Would you output the listing exactly, with every image omitted?

→ Data provided
★ ★ ★ ★ ★

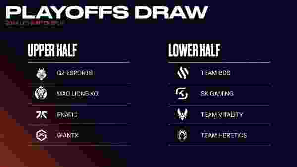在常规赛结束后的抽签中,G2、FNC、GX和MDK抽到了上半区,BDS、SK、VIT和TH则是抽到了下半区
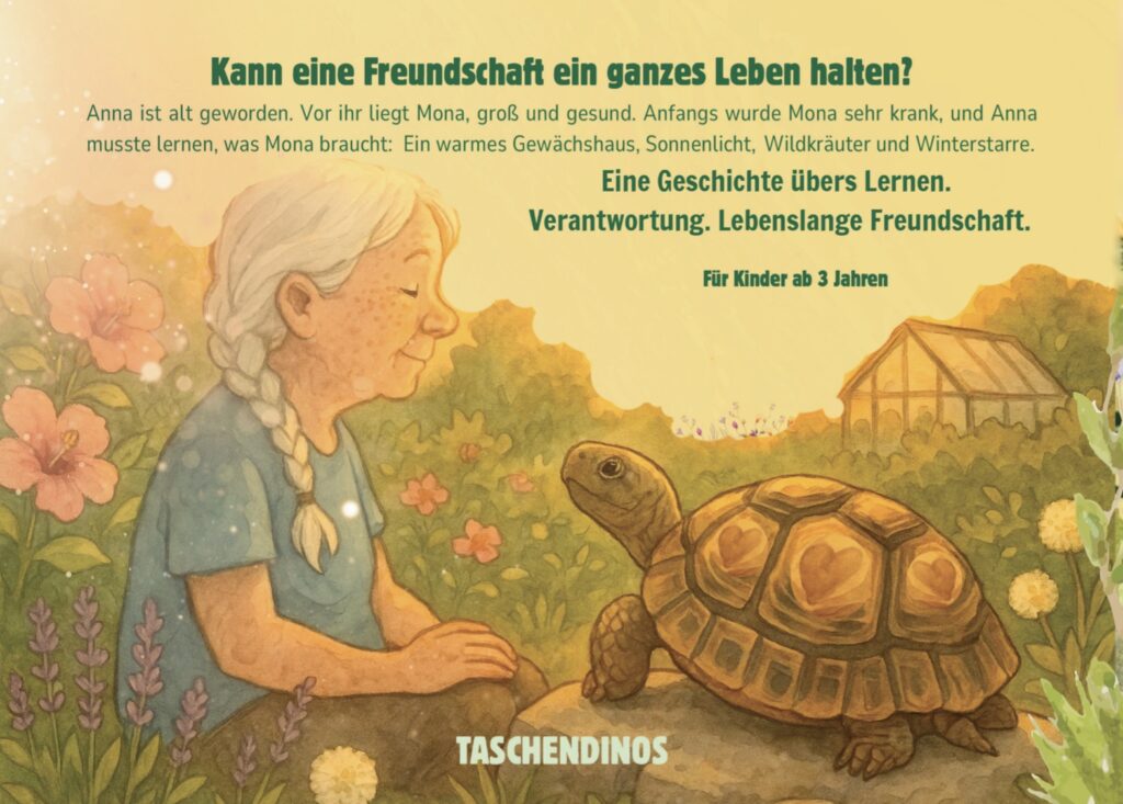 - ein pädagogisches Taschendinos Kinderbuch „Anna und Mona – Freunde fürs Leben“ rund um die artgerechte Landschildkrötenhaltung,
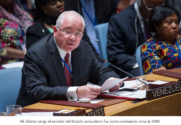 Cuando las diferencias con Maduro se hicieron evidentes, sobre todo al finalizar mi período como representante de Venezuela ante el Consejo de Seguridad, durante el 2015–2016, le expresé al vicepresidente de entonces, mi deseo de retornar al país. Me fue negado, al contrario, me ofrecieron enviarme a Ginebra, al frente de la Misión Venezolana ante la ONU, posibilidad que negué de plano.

★ ★ ★ ★ ★

→ Your solution
在常规赛结束后的抽签中,G2、FNC、GX和MDK抽到了上半区,BDS、SK、VIT和TH则是抽到了下半区
 - ein pädagogisches Taschendinos Kinderbuch „Anna und Mona – Freunde fürs Leben“ rund um die artgerechte Landschildkrötenhaltung,
 Cuando las diferencias con Maduro se hicieron evidentes, sobre todo al finalizar mi período como representante de Venezuela ante el Consejo de Seguridad, durante el 2015–2016, le expresé al vicepresidente de entonces, mi deseo de retornar al país. Me fue negado, al contrario, me ofrecieron enviarme a Ginebra, al frente de la Misión Venezolana ante la ONU, posibilidad que negué de plano.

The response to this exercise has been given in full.